App Infrastructure Protection Archives - AiThority

Using AI for IT Automation Security in 2024

Lori MacVittie — Wed, 15 Nov 2023 08:26:46 +0000

The history of poisoning wells in times of conflict is an established one. Whether by cutting off access to wells or using it as a force multiplier for spreading disease, the town well has always been a significant attack vector.

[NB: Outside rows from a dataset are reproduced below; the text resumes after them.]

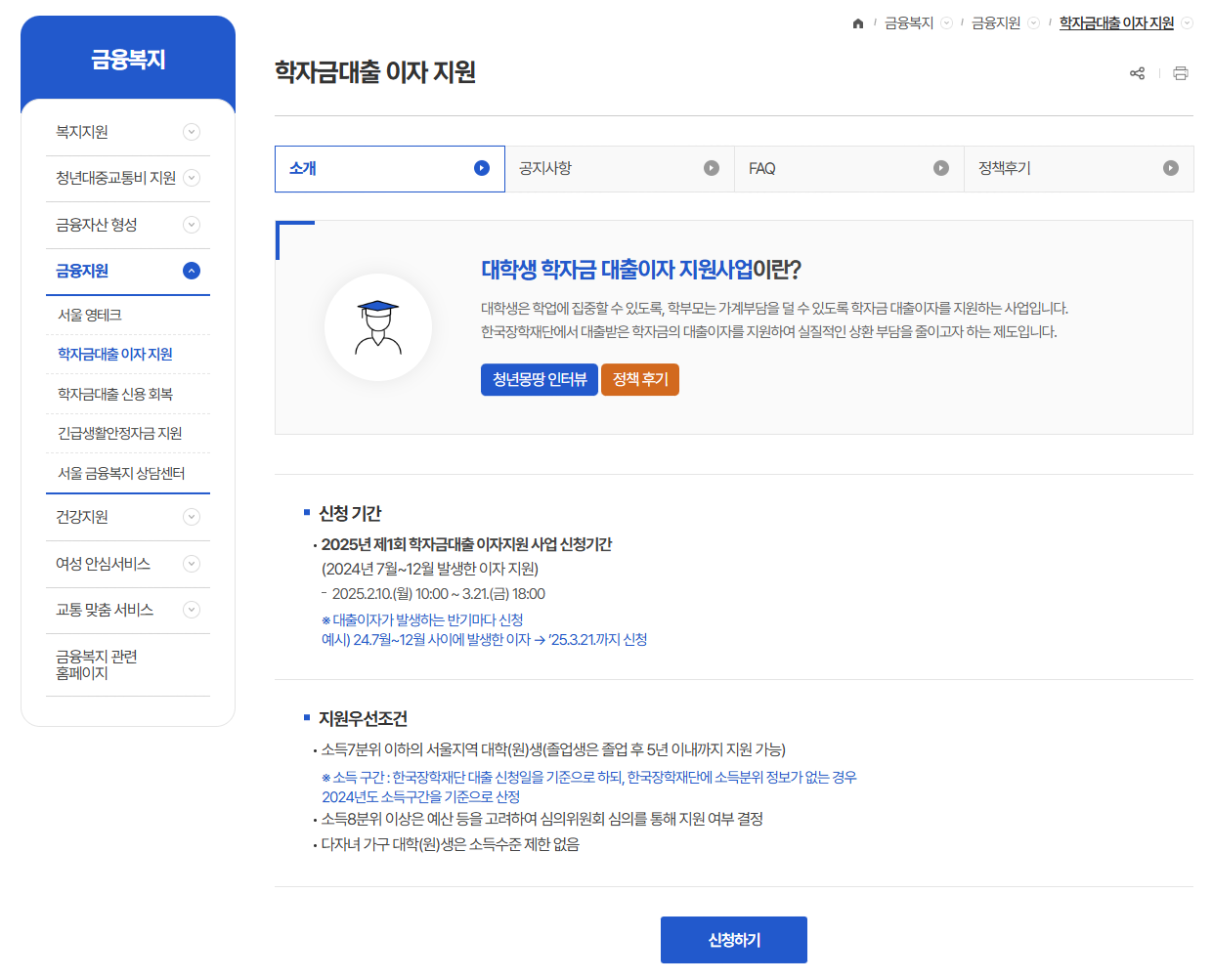 서울시에서 대학생들을 위한 지원 정책이 나왔습니다. 바로 2025년 대학생 및 대학원생의 학자금 대출 이자 지원 사업입니다. 대출 이자 부담을 덜어주기 위해 서울시에서 지원하는 만큼, 아래 내용을 확인 후 꼭 신청하시어 지원 받으셨으면 좋겠습니다.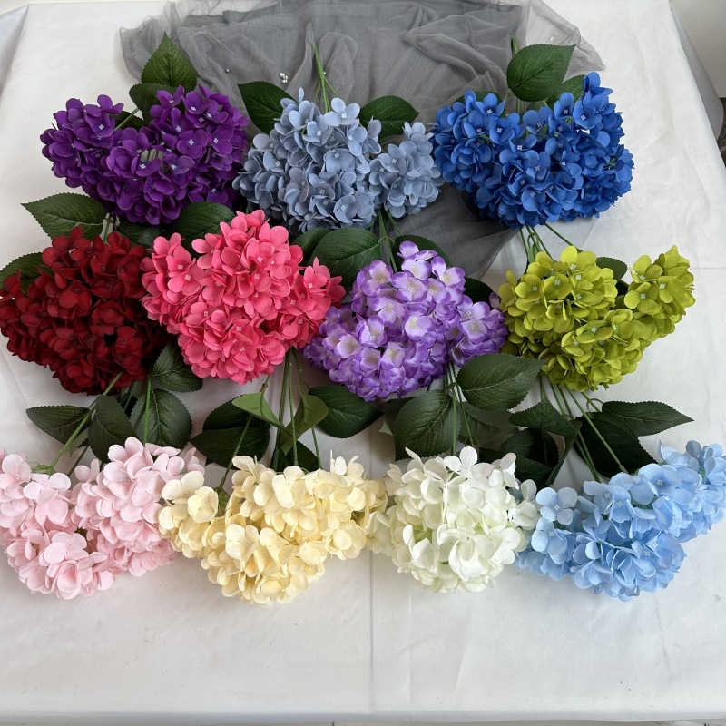 Produsen 5 kepala bunga Hortensia hydrangea dengan daun dalam stok bunga dekorasi pernikahan rumah grosir dalam stok bunga palsu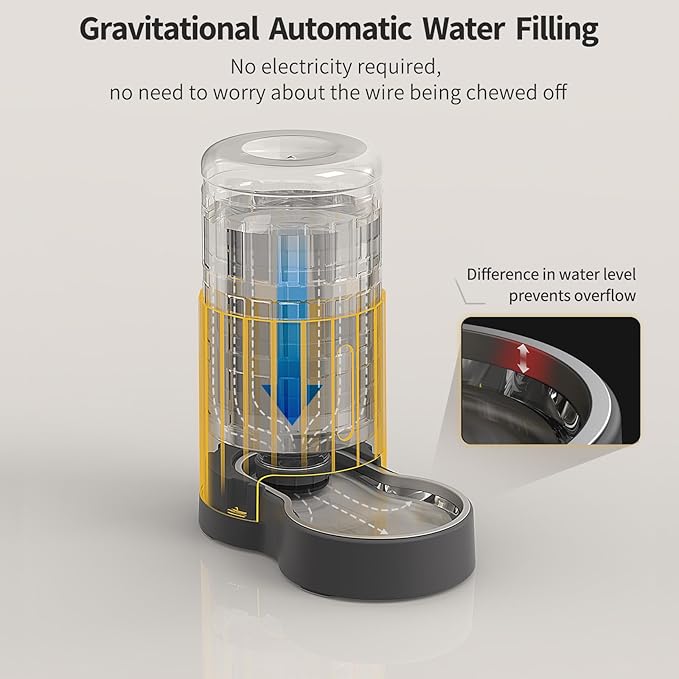 - Gravity Automatic Refill & No Leakage - This pet waterer uses gravity to fill the water on its own, no electricity required, so you don't have to worry about the cord being chewed. The gravity water bowl for cats will automatically stop filling to prevent overflowing when the water in the base reaches a specific height.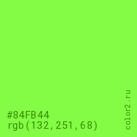 Цвет #84FB44 в цветовой модели RGB обозначается тремя октетами (132, 251, 68) в десятичном формате и #84FB44 в шестнадцатиричном (hex) формате, которые являются интенсивностью красного 132 (hex 84), интенсивность зелёного 251 (hex FB) и интенсивность синего 68 (hex 44).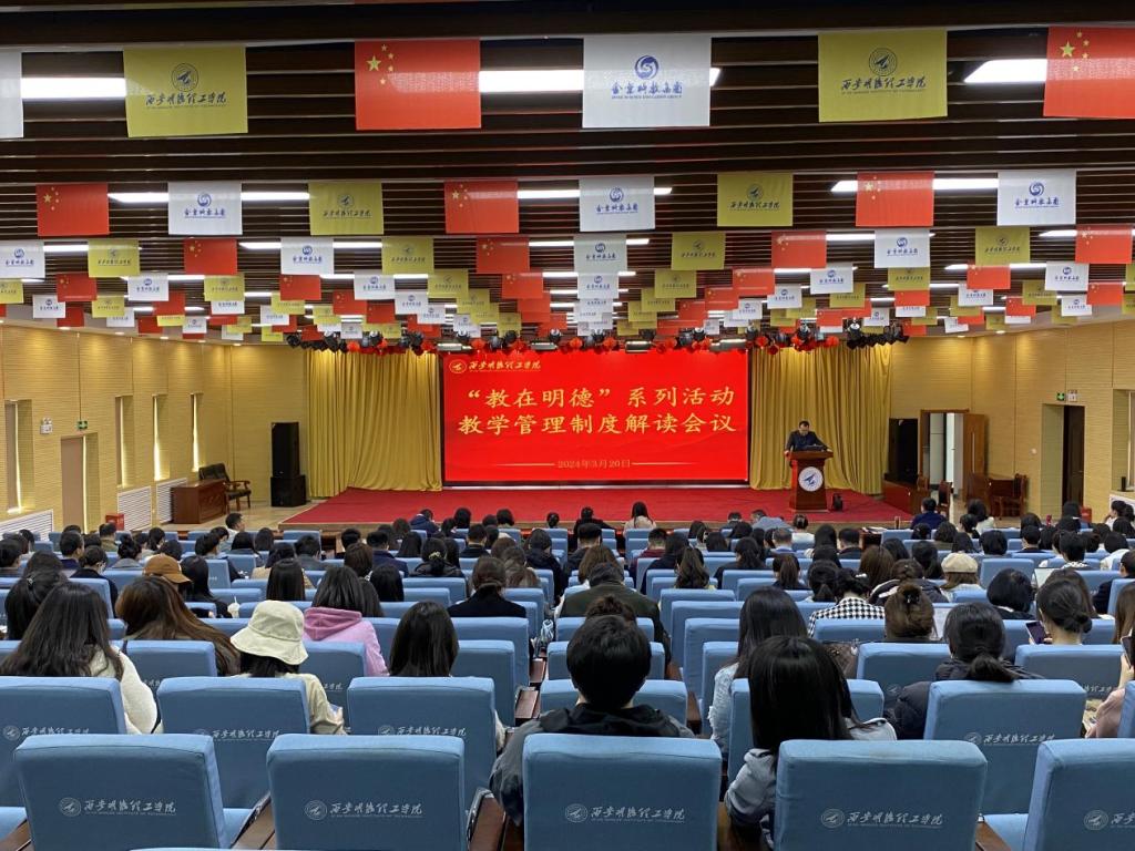为深入贯彻落实学校《关于开展“教在明德”系列教学(学术)活动安排的通知》要求,提升教师对教学管理制度的深刻理解和对制度文件的有效执行,进一步提升学校教育教学水平和应用型人才培养质量,推进学校教育事业高质量转型发展,3月20日,教务处特面向二级学院召开了教学管理制度解读会议。各二级学院主管教学副院长、专业负责人、办公室主任、教务员及骨干教师,教务处及质评办相关人员参加了会议,会议由教务处副处长任华主持。
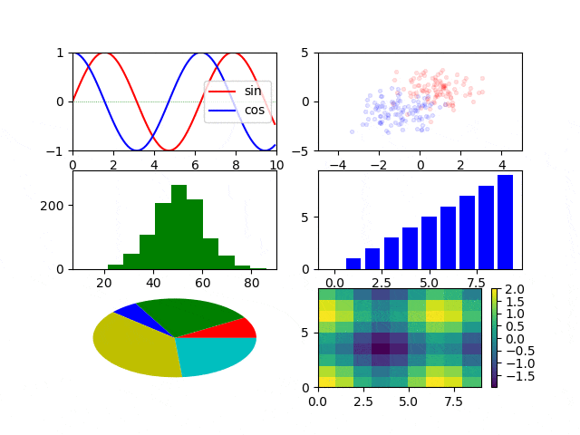 折れ線、散布図、棒、ヒストグラム、円、ヒートマップなど主要なグラフは上記のプログラムで一通り示せることを確認しました。

In modern times, we can draw the analogy of a well to a script or API endpoint that initiates automation that drives change into infrastructure, applications, and digital services. Most organizations—78% employ a rich set of automation across IT to do just that. That should be no surprise given the prevalence of automation to drive changes into complex, hyperscale systems operated by Facebook, Twitter, and Amazon, among others.

That’s because, like the shared well of olden days, a single script can affect thousands of systems in a matter of minutes. In the before times, manual changes affecting the same number of systems might have taken days or even weeks. Automation is a force multiplier, allowing operations of all kinds to scale in ways that human beings could never achieve. It is the cornerstone of scaling processes, practices, and the business. Indeed, one can argue that an organization cannot become a digital business without automation. It is one of the six key capabilities organizations need to build to successfully capitalize on data, adopt Site Reliability Engineering (SRE) operations, and infuse digital services with the ability to adapt through modern app delivery.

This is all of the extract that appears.